The Dinos got popped defensively again last night, even worse than the less than subtle 110 point, 21-point deficit final score implies. Decry the ineffectiveness of Jonas Valanciunas verticality approach, Terrence Ross’ checked out decline and the lack of inside presence as much as you’d like from last night’s game. They’re all true. But the problem is much bigger. The defensive scheme doesn’t fit the personnel and it’s an even worse fit for the effort level. The madman scrambling style that made Dominik Hasek a hall of game NHL goalie has the opposite effect in the NBA. Teams are shooting the lights out against Toronto because they’re getting wide-open shots. Opposing teams with great shooting and ball movement, like the Suns, Warriors and, clearly, the Hawks, have set the basket on fire from above the break and the mid range.

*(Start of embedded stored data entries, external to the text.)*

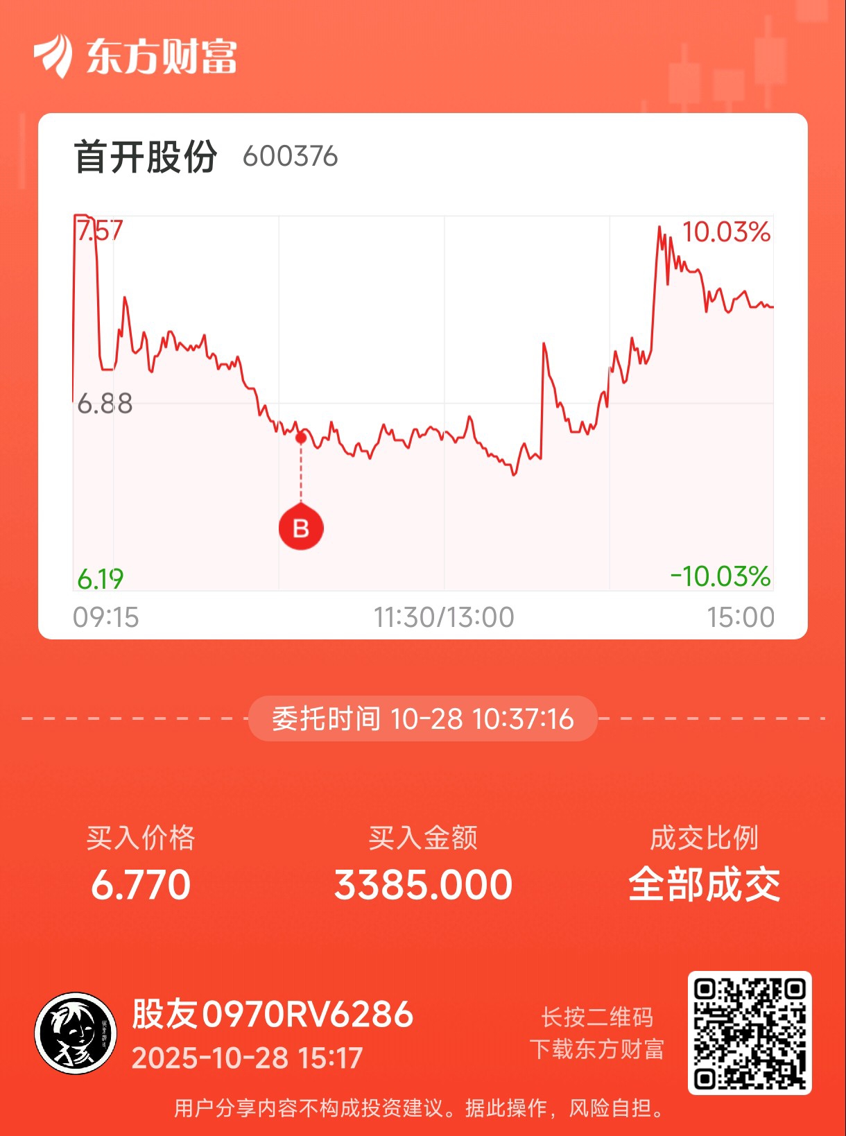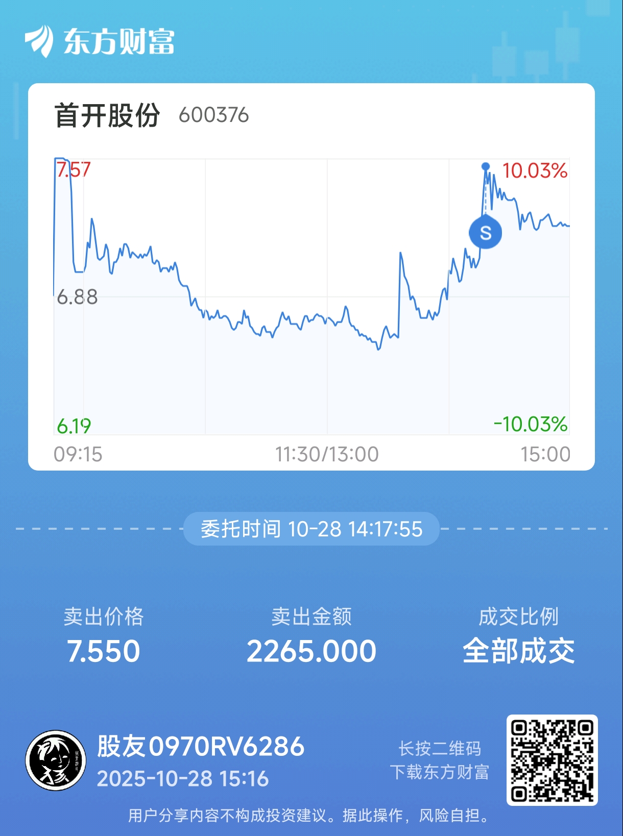 温馨提示: 1.根据《证券法》规定,禁止编造、传播虚假信息或者误导性信息,扰乱证券市场;2.用户在本社区发表的所有资料、言论等仅代表个人观点,与本网站立场无关,不对您构成任何投资建议。用户应基于自己的独立判断,自行决定证券投资并承担相应风险。《东方财富社区管理规定》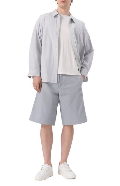 Для пошива шортов использовали смесовую ткань на основе хлопка с добавлением льна и шелка. Модель дополнена тремя парами карманов: боковыми, задними и карго. На принадлежность марке указывает брендированный патч из зернистой кожи.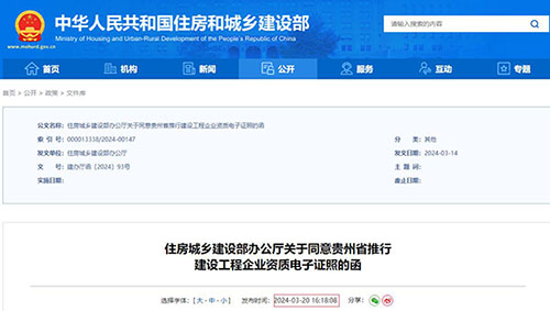 《關于申請推行建設工程企業資質電子證照的請示》(黔建呈〔2024〕15號)收悉。經研究,同意貴州省推行建筑業企業、工程監理企業、工程勘察企業、工程設計企業等4類建設工程企業資質電子證照。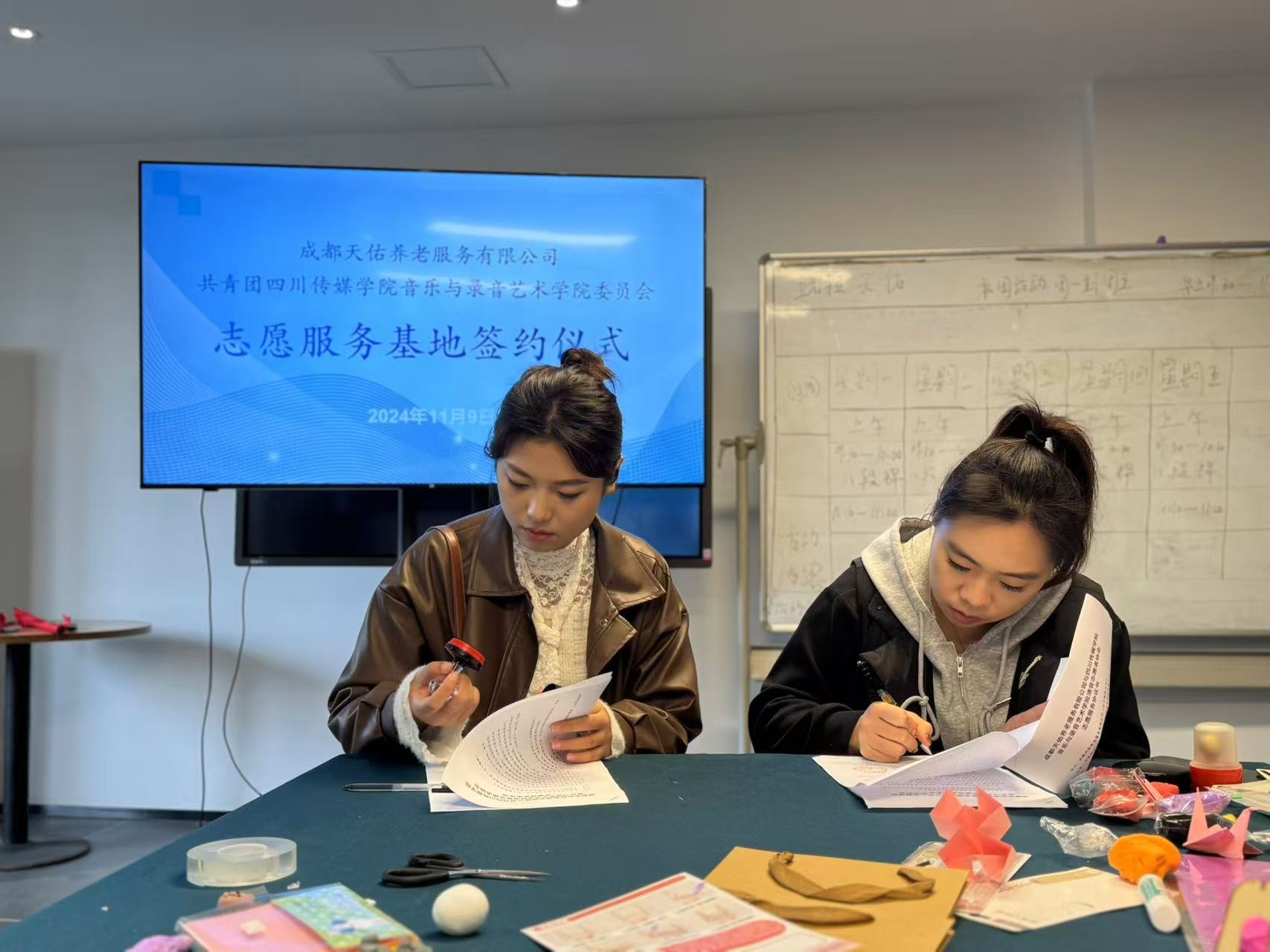 在岁月的长河中,每一位长辈都是时光的见证者和时代的建设者。为响应国家有关战略部署,进一步深入开展青年志愿者为老服务“金晖行动”。2024年11月9日,音乐与录音艺术学院清音志愿者协会在成都天佑养老服务有限公司,成功举办“纸艺时光,巧手绘情”主题志愿服务活动暨志愿服务基地签约仪式。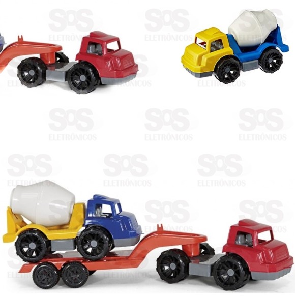 Carreta confeccionada em plástico e rodas livres, acompanha caminhão betoneira.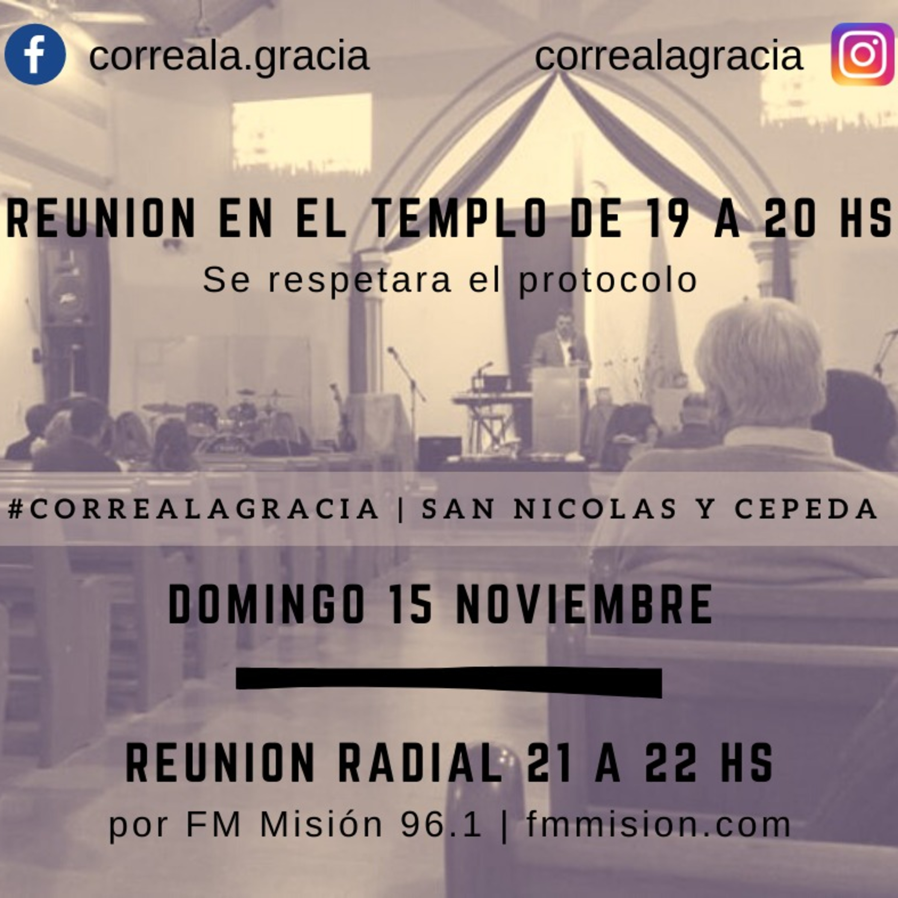 Aquí podes escuchar el culto de la iglesia #CorrealaGracia del día domingo 15 de noviembre a las 9 pm por la FM Misión 96.1 y fmmision.com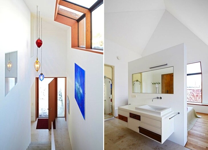 Открытая планировка дома состоит из столовой и жилых помещений, а на верхнем этаже размещаются спальни и кабинет. В рамках своих усилий по минимизации образования отходов строительства и использования материалов, дизайнеры выбрали "однородные" материалы, что не изменило эстетический призыв дома.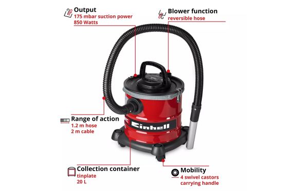 Το πτυχωτό φίλτρο φιλτράρει τη λεπτή σκόνη και τη σκόνη στάχτης. Το προ-φίλτρο αποτρέπει το γρήγορο φράξιμο του πτυχωτού φίλτρου.Μεγάλο δοχείο συλλογής χωρητικότητας 20 λίτρων. Εύκολο άδειασμα του δοχείου χάρη στους ταχυσυνδέσμους ασφάλισης.Ευέλικτη και εύκολη μετακίνηση με 4 περιστρεφόμενους τροχούς. Πρακτική χειρολαβή μεταφοράς για άνετη μετακίνηση. Λειτουργία φυσητήρα για καθαρισμό δυσπρόσιτων σημείων.Για την απομάκρυνση κρύας στάχτης από το τζάκι

The Raptors defensive scheme is designed in part to encourage those mid-range shots. And they’ve done a passable job of taking away the league’s most desired shot in the corner three. But there is a difference between accepting mid range shots and forcing three point attempts out of the corners and above the break and leaving them wide open. The Raptors play a frantic scheme with very aggressive trapping on the sides, rushing out to run three point shots off the line and switching when necessary. This kind of operation requires an extremely athletic lineup, and highly precise timing. OKC and the Lebron Miami heat ran very similar schemes in the past. Both were torched by superior ball moving teams, i.e. the Spurs, when length and athleticism simply couldn’t keep up with the precision pace, space and shooting. Toronto doesn’t have the personnel those teams had, nor the comfort in the system, and those teams still lost. There’s a clear point here. Raptors are now down to a 110.1 DefRtg in their last 10 games. Since dropping their matchup against the Bulls on Dec. 22, the Raps have gone 4-6 while giving up 110.1 points per 100 possessions. That number would tie them with the worst defense in the league with the woeful Timberwolves on the season.

The loss resulted in a closed-door players meeting where it’s been reported that the team discussed the issue of them getting too big for their britches. Focus alone and recognition of what the problem is could go a long way. We’ll see. Self-awareness would be the only moral victory you could possibly find in that 110-89 drubbing.